First, he built the entire case against Dhillon once more, brick by brick: the medical evidence, the motive, the circumstances. Russell Silverstein had been the performer in court, working the floor, making his points with intonation and hand gestures, ad-libbing, making conversation. Bentham stood behind the lectern like a professor, his serious voice intoning on issues of law and fact. But he also personalized the case. Five minutes into his address, Bentham reintroduced the jurors to Parvesh Dhillon—her life, her work, who she was. He urged them to examine the wedding portrait of Dhillon and Sarabjit, the young woman he
had arranged to marry in India within a few weeks of Parvesh’s death and an innocent victim of his schemes.
“Ask yourselves,” he said, “does he appear to be a crushed spirit devastated by the death of his wife?” He reminded the jurors that within minutes of Parvesh collapsing in convulsions, and before the ambulance had arrived, Dhillon had phoned two people and lamented that he was “ruined,” and that his children would no longer have a mother.

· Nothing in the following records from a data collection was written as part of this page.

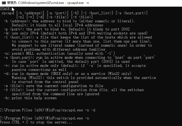 在winpcap的安装文件夹内找到rpcapd程序,在cmd中执行以下命令。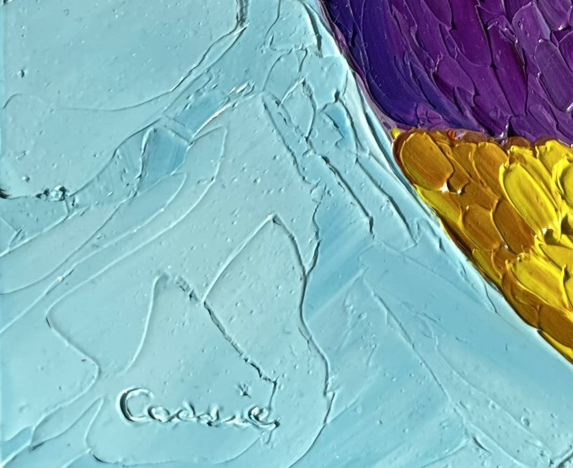 Painted in thick oils with palette knives, Francis features textured feathers, a soft pale yellow backdrop, and a joyful sense of companionship (as part of a finch pair with its partner piece Faith). Compact and versatile, it’s perfect for standing on a shelf or hanging on a wall. This piece is not only a celebration of Australia’s birdlife but also a personal tribute to my childhood, when my dad bred finches in our backyard aviary.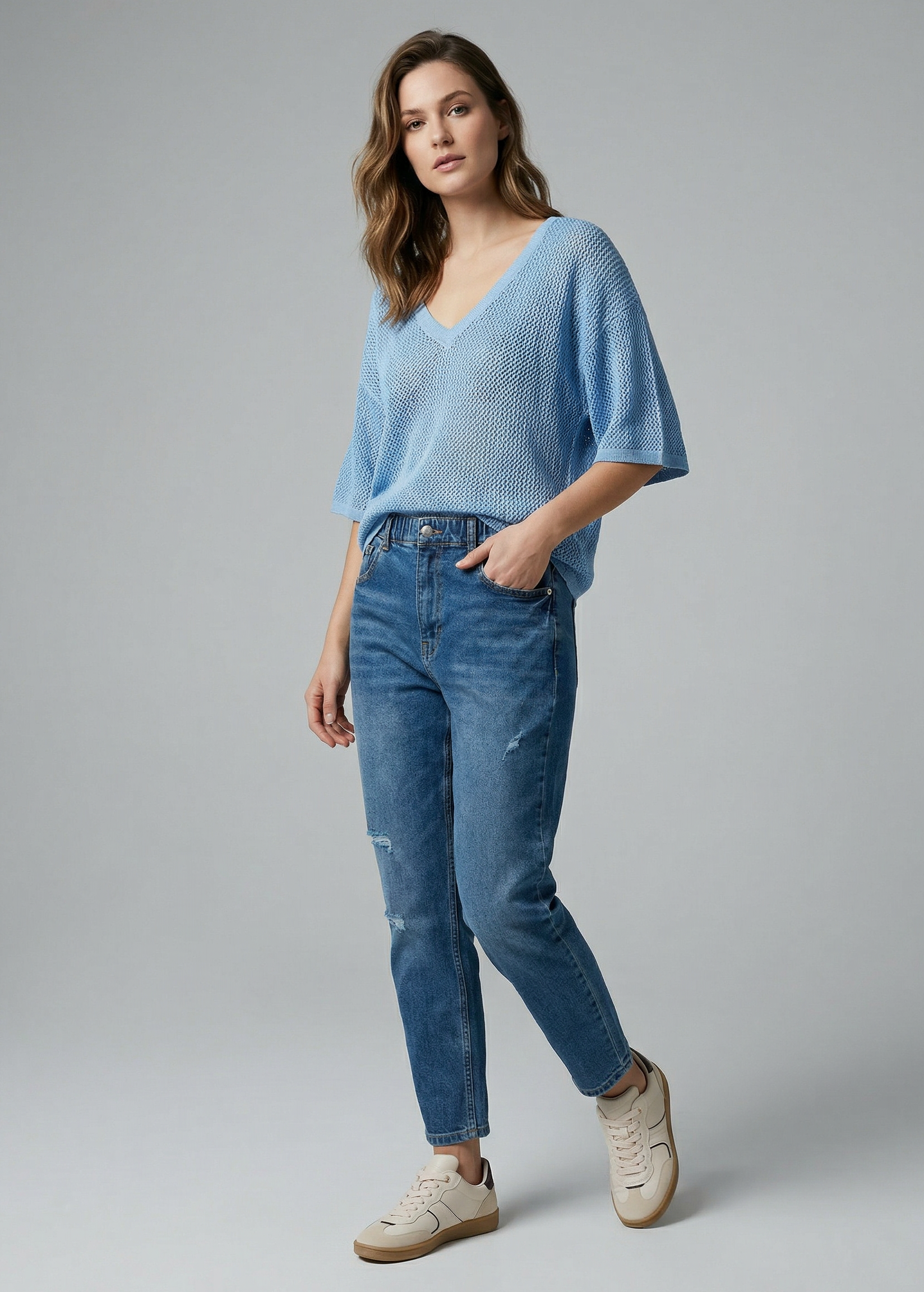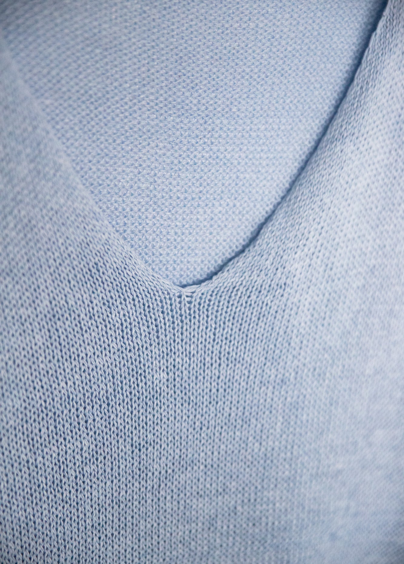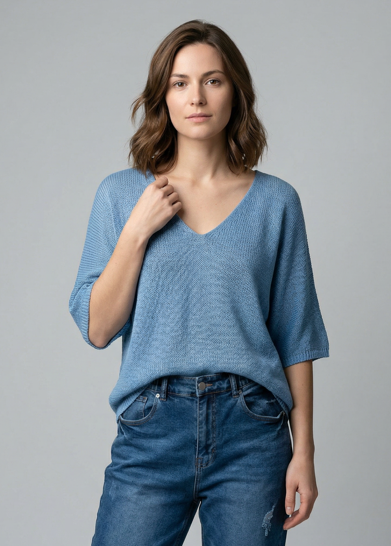 Ελαφριά πλεκτή μπλούζα ριχτή με φαρδύ μανίκι 3/4 και V ντεκολτέ.

“In my submission, ladies and gentlemen, these are the words of Parvesh Dhillon’s killer who, being fully aware of the lethal properties of the poison he has tricked her into taking, is now prematurely pronouncing her death.”
Bentham attacked the theory that Parvesh had accidentally poisoned herself with homeopathic remedies. That suggestion was an “eleventh-hour smoke screen” put up by Dhillon, who had never mentioned the remedies to anyone until after strychnine was found in Parvesh’s tissue samples almost five years after her death. Bentham used Leitch’s words to attack Silverstein’s suggestion that the tissue samples had been contaminated in the CFS laboratory. Rather than quickly dismissing the notion, he hammered on it, trying to overwhelm any doubt. Bentham said the precautions taken to prevent contamination of the samples were like “a wall.” His assault on the contamination argument was not unlike the “magic bullet” theory in the assassination of John F. Kennedy as he ridiculed Silverstein’s argument.
“You must ask yourself, members of the jury, in assessing the likelihood of contamination, how the strychnine products escaped the interior drug lab, then the exterior Ziploc bag, made their way to a separate part of the refrigerator, through the box and through the plastic bag that contained Parvesh Dhillon’s tissue samples. Ask yourself how, if this unlikely event did occur, the ethanol sprays used to remove surface contamination failed, how the fresh gloves used to handle the samples failed, how the clean bench failed, how the clean scalpel used to cut the tissues failed.”